▶ [GIVEN INFORMATION]

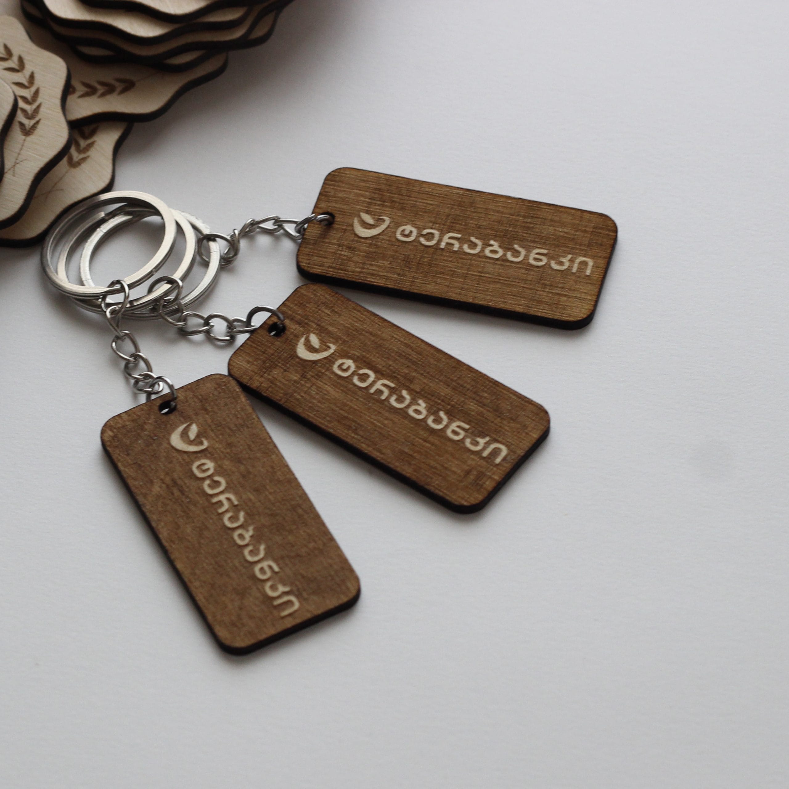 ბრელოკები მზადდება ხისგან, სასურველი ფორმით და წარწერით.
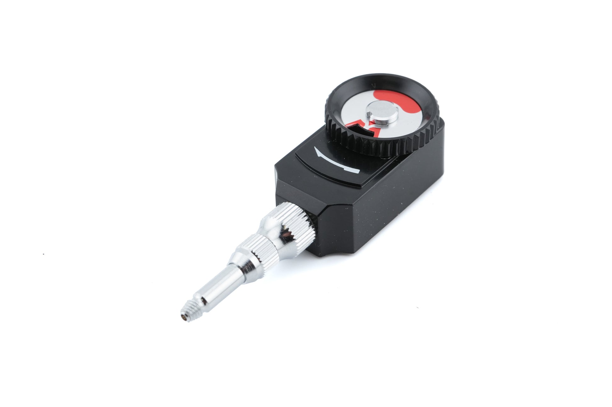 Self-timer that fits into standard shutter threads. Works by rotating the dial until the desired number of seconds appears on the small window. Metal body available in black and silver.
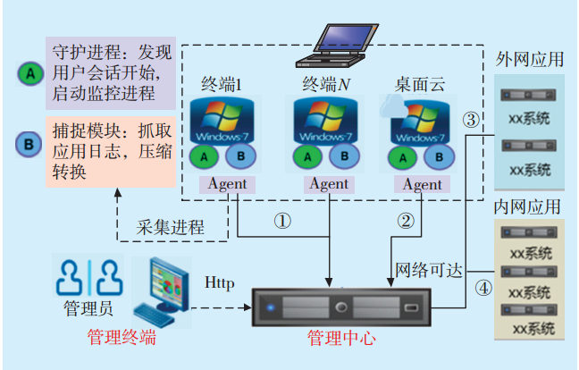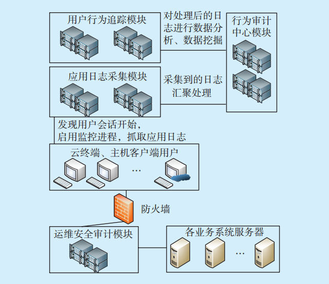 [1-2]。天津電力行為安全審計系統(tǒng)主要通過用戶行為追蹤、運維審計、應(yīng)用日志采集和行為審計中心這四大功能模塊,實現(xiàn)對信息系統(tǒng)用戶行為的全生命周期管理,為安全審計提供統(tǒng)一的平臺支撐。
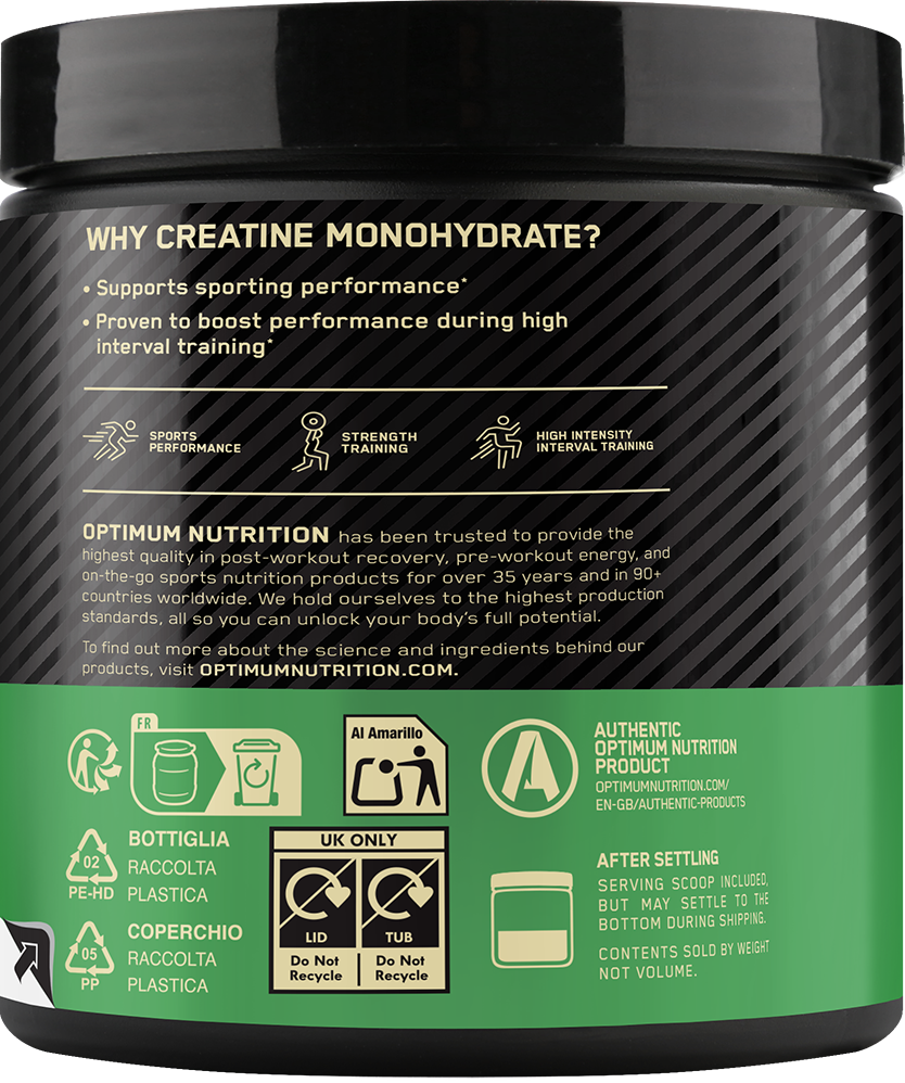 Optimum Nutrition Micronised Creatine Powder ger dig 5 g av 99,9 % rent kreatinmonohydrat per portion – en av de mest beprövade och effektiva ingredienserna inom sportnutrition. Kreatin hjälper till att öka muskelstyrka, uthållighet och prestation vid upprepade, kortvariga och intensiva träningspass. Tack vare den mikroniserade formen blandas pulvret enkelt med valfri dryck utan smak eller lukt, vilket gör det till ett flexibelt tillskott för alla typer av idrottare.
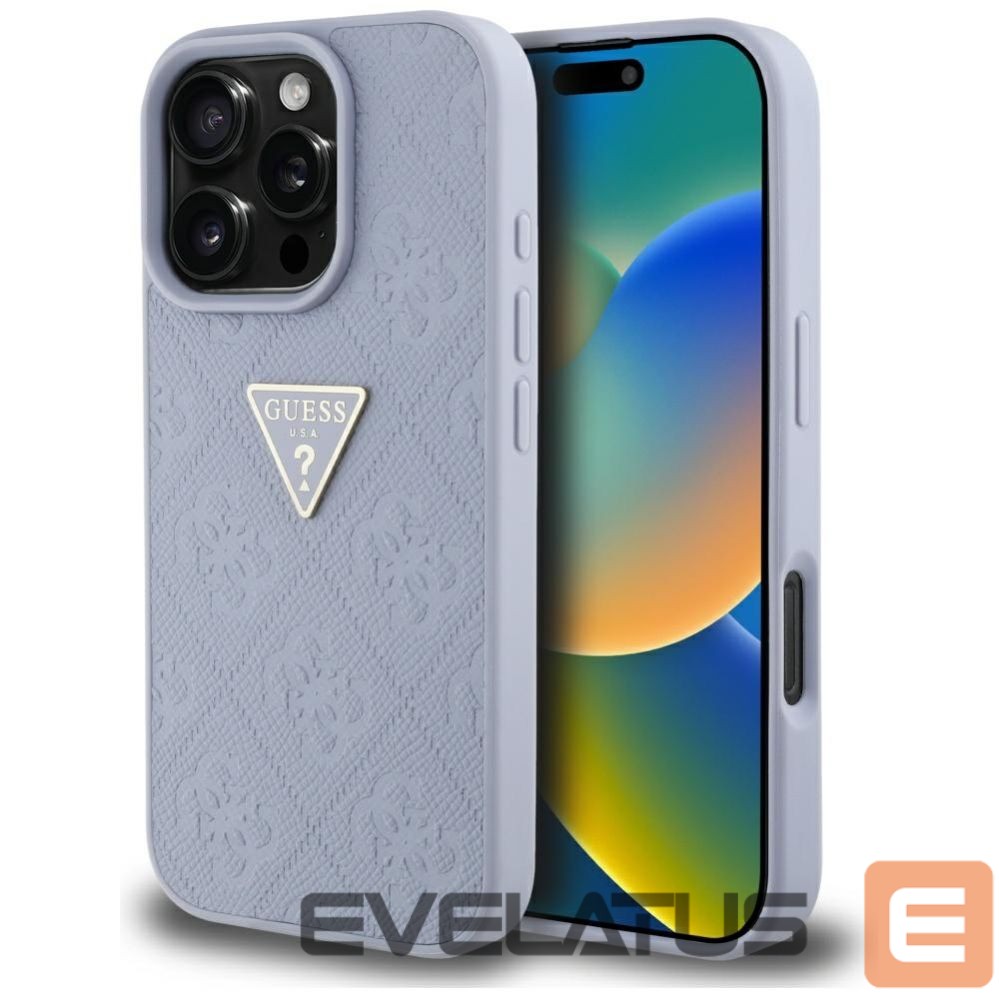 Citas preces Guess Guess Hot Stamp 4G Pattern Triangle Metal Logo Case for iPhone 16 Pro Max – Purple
* * *
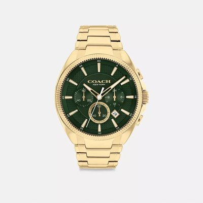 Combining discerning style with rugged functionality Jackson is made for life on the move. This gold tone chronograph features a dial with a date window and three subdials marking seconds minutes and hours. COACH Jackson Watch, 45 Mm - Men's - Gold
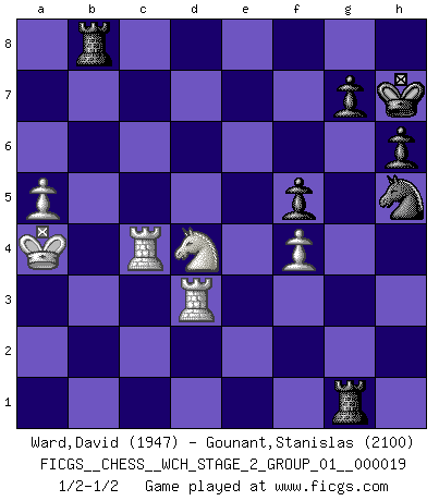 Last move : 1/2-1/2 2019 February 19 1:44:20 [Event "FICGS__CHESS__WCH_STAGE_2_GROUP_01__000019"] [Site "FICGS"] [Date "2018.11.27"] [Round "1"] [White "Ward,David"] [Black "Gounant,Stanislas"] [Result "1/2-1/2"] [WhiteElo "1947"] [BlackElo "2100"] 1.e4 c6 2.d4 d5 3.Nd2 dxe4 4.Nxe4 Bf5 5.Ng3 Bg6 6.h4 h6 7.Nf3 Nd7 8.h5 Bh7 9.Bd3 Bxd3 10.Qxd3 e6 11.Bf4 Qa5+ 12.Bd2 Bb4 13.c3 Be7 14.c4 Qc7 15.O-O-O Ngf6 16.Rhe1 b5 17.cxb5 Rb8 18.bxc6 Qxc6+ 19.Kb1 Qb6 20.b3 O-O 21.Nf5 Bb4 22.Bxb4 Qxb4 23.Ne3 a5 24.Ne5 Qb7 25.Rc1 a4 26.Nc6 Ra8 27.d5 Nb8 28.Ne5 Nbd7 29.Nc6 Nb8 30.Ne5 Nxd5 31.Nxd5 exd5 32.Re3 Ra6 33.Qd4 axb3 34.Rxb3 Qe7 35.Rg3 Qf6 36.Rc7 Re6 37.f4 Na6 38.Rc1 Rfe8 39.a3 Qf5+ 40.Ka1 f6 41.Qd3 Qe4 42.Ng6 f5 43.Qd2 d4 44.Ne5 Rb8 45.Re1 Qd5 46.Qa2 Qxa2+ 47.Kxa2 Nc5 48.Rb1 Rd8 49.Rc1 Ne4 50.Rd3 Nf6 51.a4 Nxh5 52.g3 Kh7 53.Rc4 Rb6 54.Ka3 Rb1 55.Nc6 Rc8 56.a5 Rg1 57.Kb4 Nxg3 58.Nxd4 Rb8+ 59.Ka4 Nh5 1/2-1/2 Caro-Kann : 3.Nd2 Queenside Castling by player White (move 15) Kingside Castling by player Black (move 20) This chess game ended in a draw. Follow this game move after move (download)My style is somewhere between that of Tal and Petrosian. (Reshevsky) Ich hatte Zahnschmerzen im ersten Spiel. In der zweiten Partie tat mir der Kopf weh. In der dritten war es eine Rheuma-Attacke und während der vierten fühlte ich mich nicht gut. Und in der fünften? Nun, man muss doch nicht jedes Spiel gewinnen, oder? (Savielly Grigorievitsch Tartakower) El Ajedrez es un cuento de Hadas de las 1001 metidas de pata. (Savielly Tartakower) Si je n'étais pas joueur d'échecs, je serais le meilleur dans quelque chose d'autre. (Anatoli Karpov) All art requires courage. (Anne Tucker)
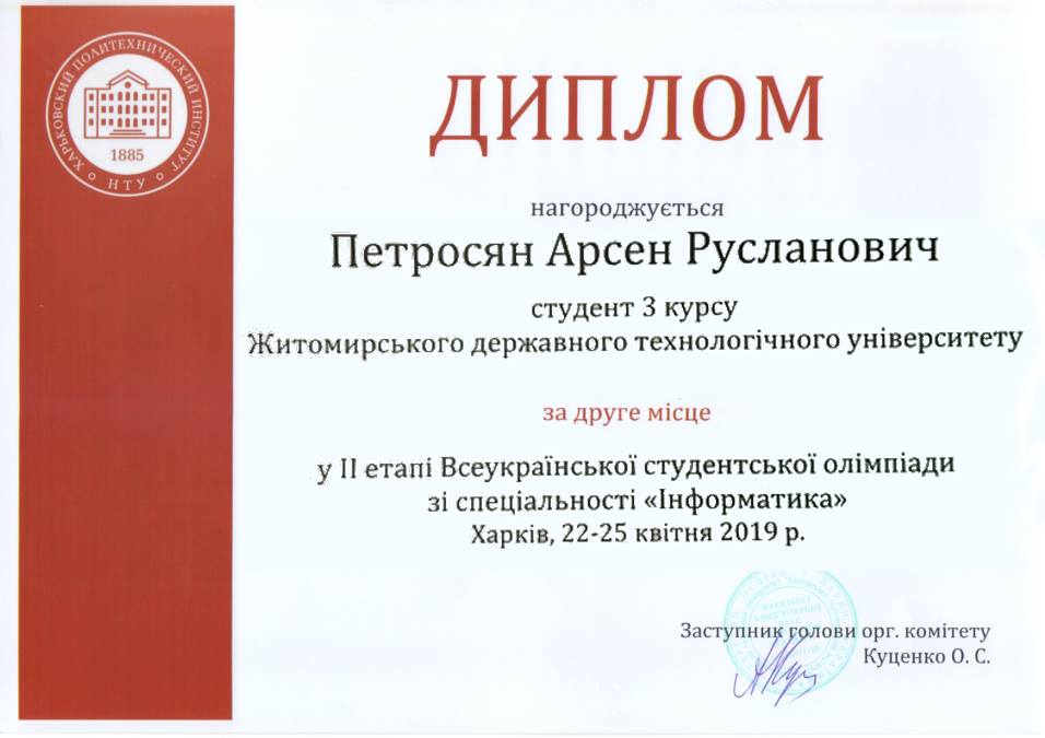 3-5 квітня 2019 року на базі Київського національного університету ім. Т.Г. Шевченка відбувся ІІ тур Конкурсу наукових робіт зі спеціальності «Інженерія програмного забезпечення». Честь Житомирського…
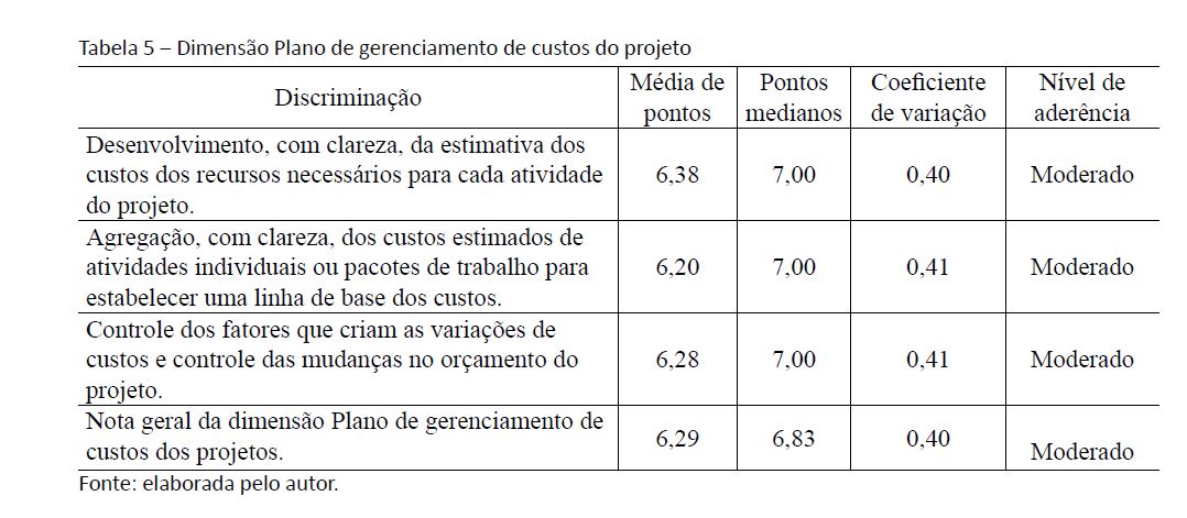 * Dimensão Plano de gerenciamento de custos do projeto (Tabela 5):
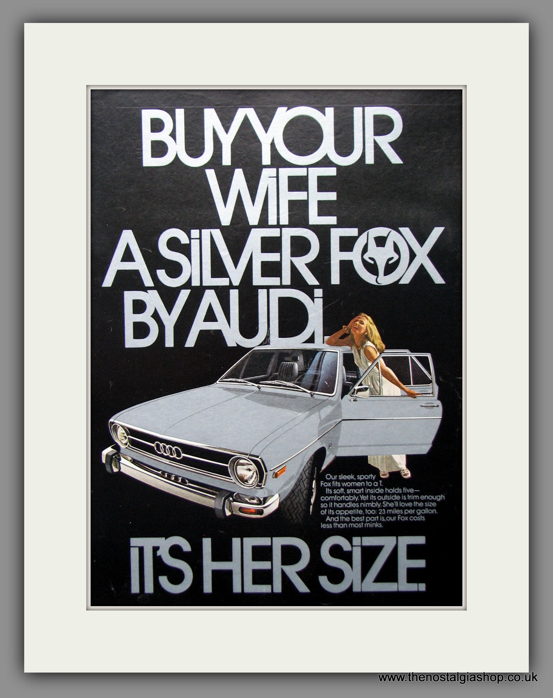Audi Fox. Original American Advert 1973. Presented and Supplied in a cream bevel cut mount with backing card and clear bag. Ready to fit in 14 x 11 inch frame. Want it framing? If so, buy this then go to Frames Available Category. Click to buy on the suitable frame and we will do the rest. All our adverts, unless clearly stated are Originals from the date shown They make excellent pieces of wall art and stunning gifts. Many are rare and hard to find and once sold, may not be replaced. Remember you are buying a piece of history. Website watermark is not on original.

▶ [TASK BRIEF]
Could you write out exactly the lines of the data above that run from the one holding "3-5 квітня 2019" to the one holding "Dimensão Plano de", with both ends in and all pictures out?

▶ [EXERCISE RESPONSE]
 3-5 квітня 2019 року на базі Київського національного університету ім. Т.Г. Шевченка відбувся ІІ тур Конкурсу наукових робіт зі спеціальності «Інженерія програмного забезпечення». Честь Житомирського…
 * Dimensão Plano de gerenciamento de custos do projeto (Tabela 5):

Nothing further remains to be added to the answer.